#### [Data for this task]
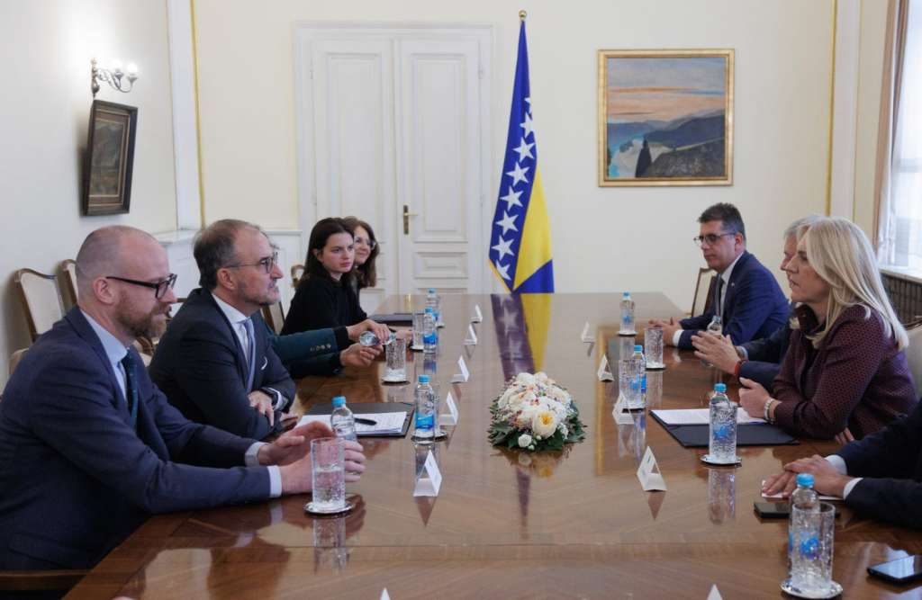 SARAJEVO, 7. aprila (FENA) - Predsјedavaјuća Predsјedništva Bosne i Hercegovine Željka Cviјanović razgovarala јe danas sa članovima Komiteta za vanjske poslove Evropskog parlamenta Ondreјom Kolarom, Tineke Strik i Antoniјem Tangerom Koreom.
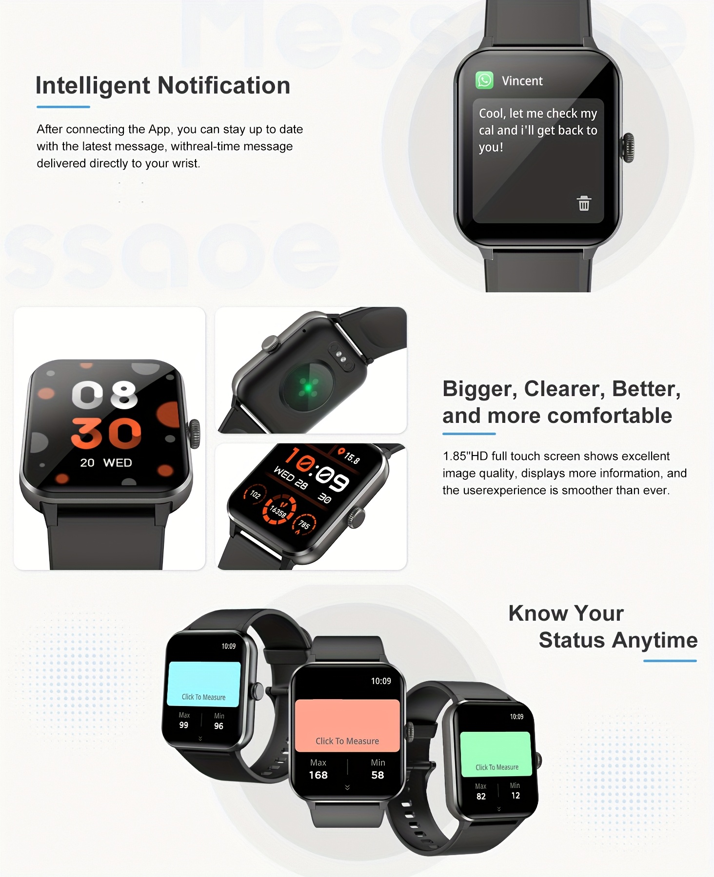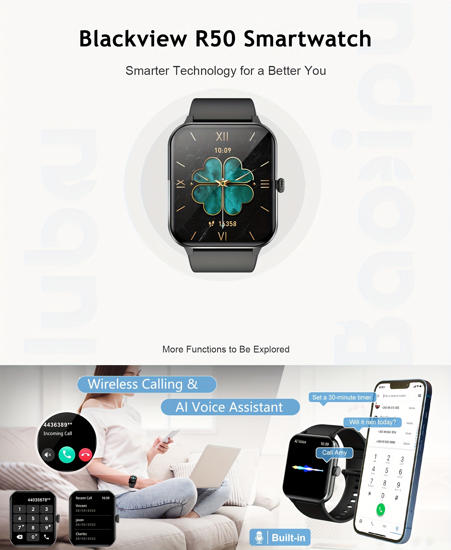 Package Includes: blackview smartwatch*1, watch band*2, magnetic charger*1, user manual*1.
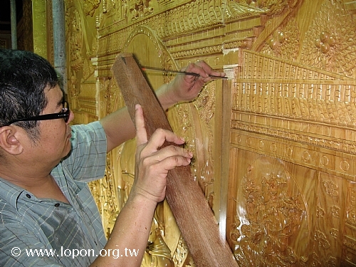 「幾乎可以說,以後很難有機會再製作這麼大幅的木雕了。不只是木料取得有困難,老一輩的木雕家慢慢凋零了,新一輩的木雕家手藝不同,刻不出這樣的作品。我國小畢業就拜師學木雕,今年五十幾歲了。當年跟我一起學藝的師兄弟還有好幾個人在做木雕,不過說到木雕唐卡,全台灣的只有我一個在做。除了噶居寺,世界上沒有其他地方用木雕來做唐卡。因為 導師,我才有這個機會。」
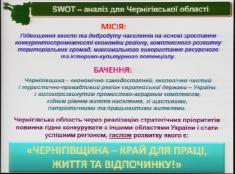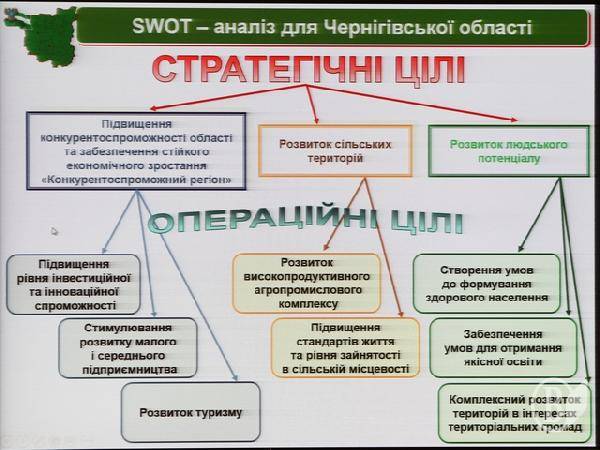 Вона проаналізувала сильні й слабкі сторони та можливі зовнішні впливи (можливості та загрози) на подальший соціальний та економічний розвиток Чернігівської області.
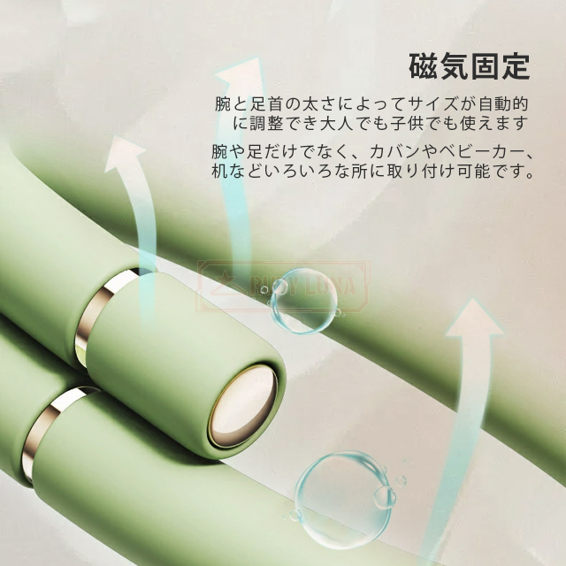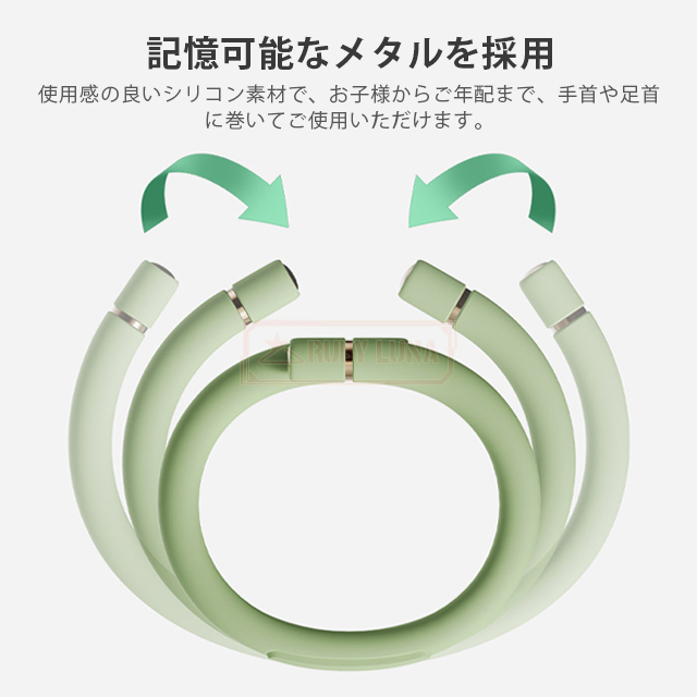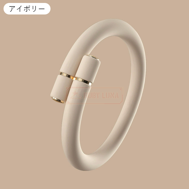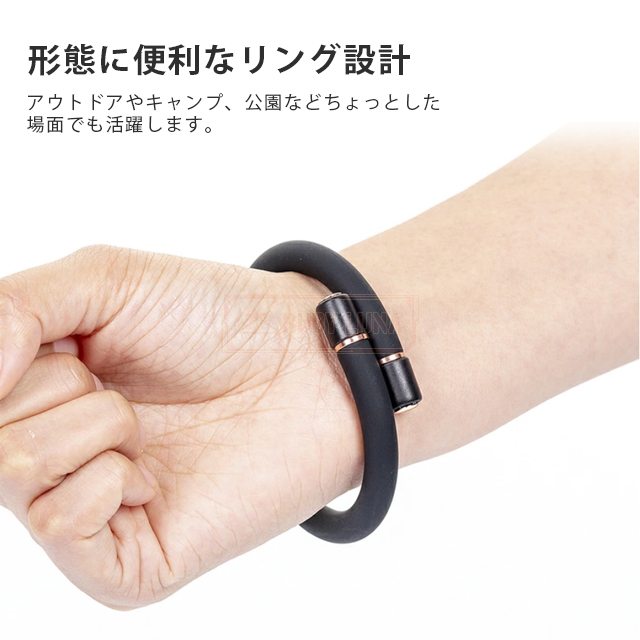 | 【サイズが自動に調整可能】 | ◆超強力なルビジウム磁石と形状記憶合金の使用により、蚊除けリングが落ちにくくサイズは自由に調整可能。 ◆腕と足首の太さによってリングが調節でき、ご家族全員でご使用可能です。 ◆グレードシリコンを採用し、肌へのあたりが柔らかく、曲がった場合でも折れたり割れたりして肌を傷つける心配はありません。 |
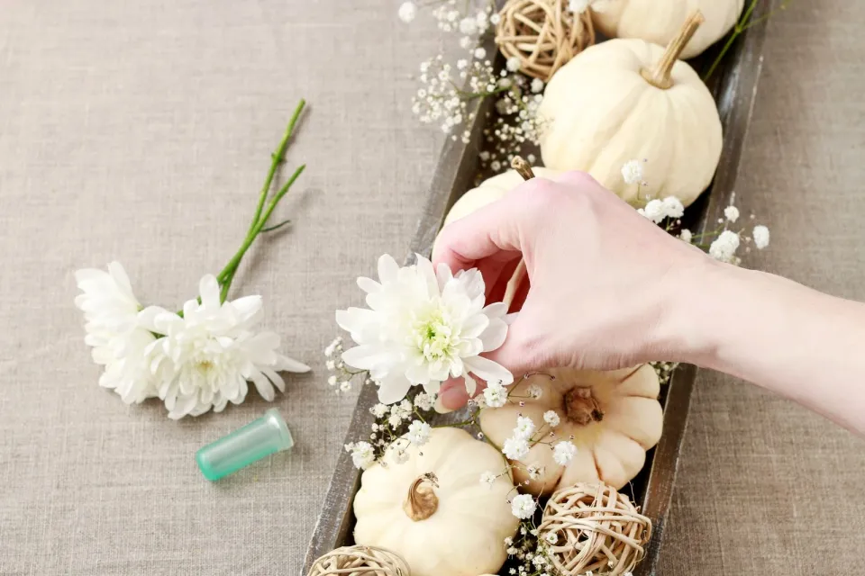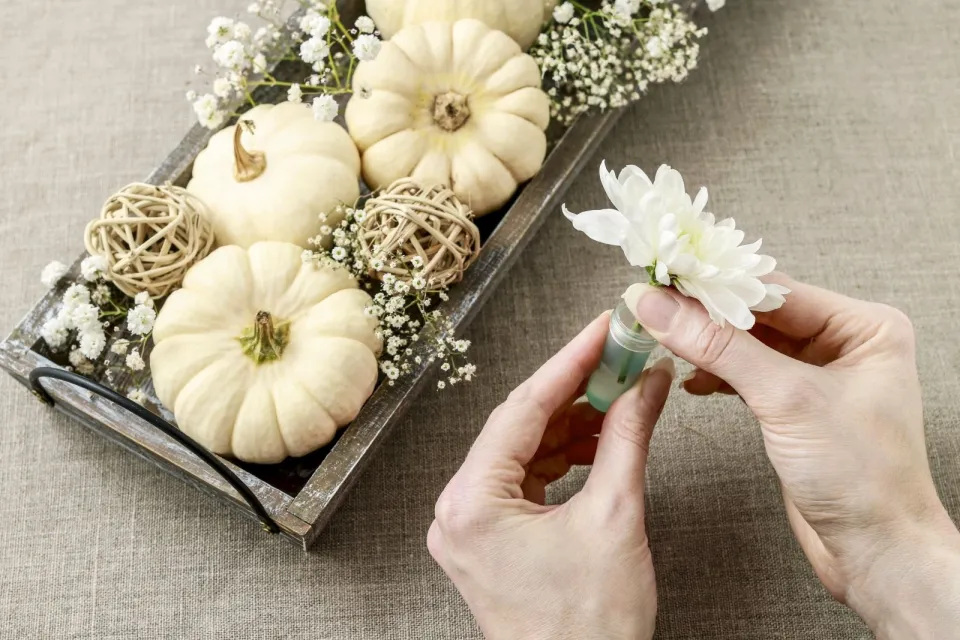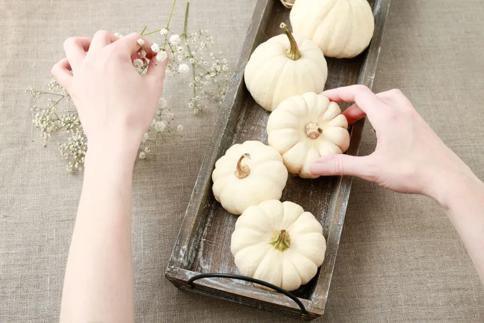 Na dřevěný tácek nainstalujte dýně a vsaďte do nich nevěstin závoj

#### [The problem]
When you copy the entries above, reproduce each line exactly and leave out any pictures.

#### [Response to this task]
 SARAJEVO, 7. aprila (FENA) - Predsјedavaјuća Predsјedništva Bosne i Hercegovine Željka Cviјanović razgovarala јe danas sa članovima Komiteta za vanjske poslove Evropskog parlamenta Ondreјom Kolarom, Tineke Strik i Antoniјem Tangerom Koreom.
 Package Includes: blackview smartwatch*1, watch band*2, magnetic charger*1, user manual*1.
 「幾乎可以說,以後很難有機會再製作這麼大幅的木雕了。不只是木料取得有困難,老一輩的木雕家慢慢凋零了,新一輩的木雕家手藝不同,刻不出這樣的作品。我國小畢業就拜師學木雕,今年五十幾歲了。當年跟我一起學藝的師兄弟還有好幾個人在做木雕,不過說到木雕唐卡,全台灣的只有我一個在做。除了噶居寺,世界上沒有其他地方用木雕來做唐卡。因為 導師,我才有這個機會。」
 Вона проаналізувала сильні й слабкі сторони та можливі зовнішні впливи (можливості та загрози) на подальший соціальний та економічний розвиток Чернігівської області.
 | 【サイズが自動に調整可能】 | ◆超強力なルビジウム磁石と形状記憶合金の使用により、蚊除けリングが落ちにくくサイズは自由に調整可能。 ◆腕と足首の太さによってリングが調節でき、ご家族全員でご使用可能です。 ◆グレードシリコンを採用し、肌へのあたりが柔らかく、曲がった場合でも折れたり割れたりして肌を傷つける心配はありません。 |
 Na dřevěný tácek nainstalujte dýně a vsaďte do nich nevěstin závoj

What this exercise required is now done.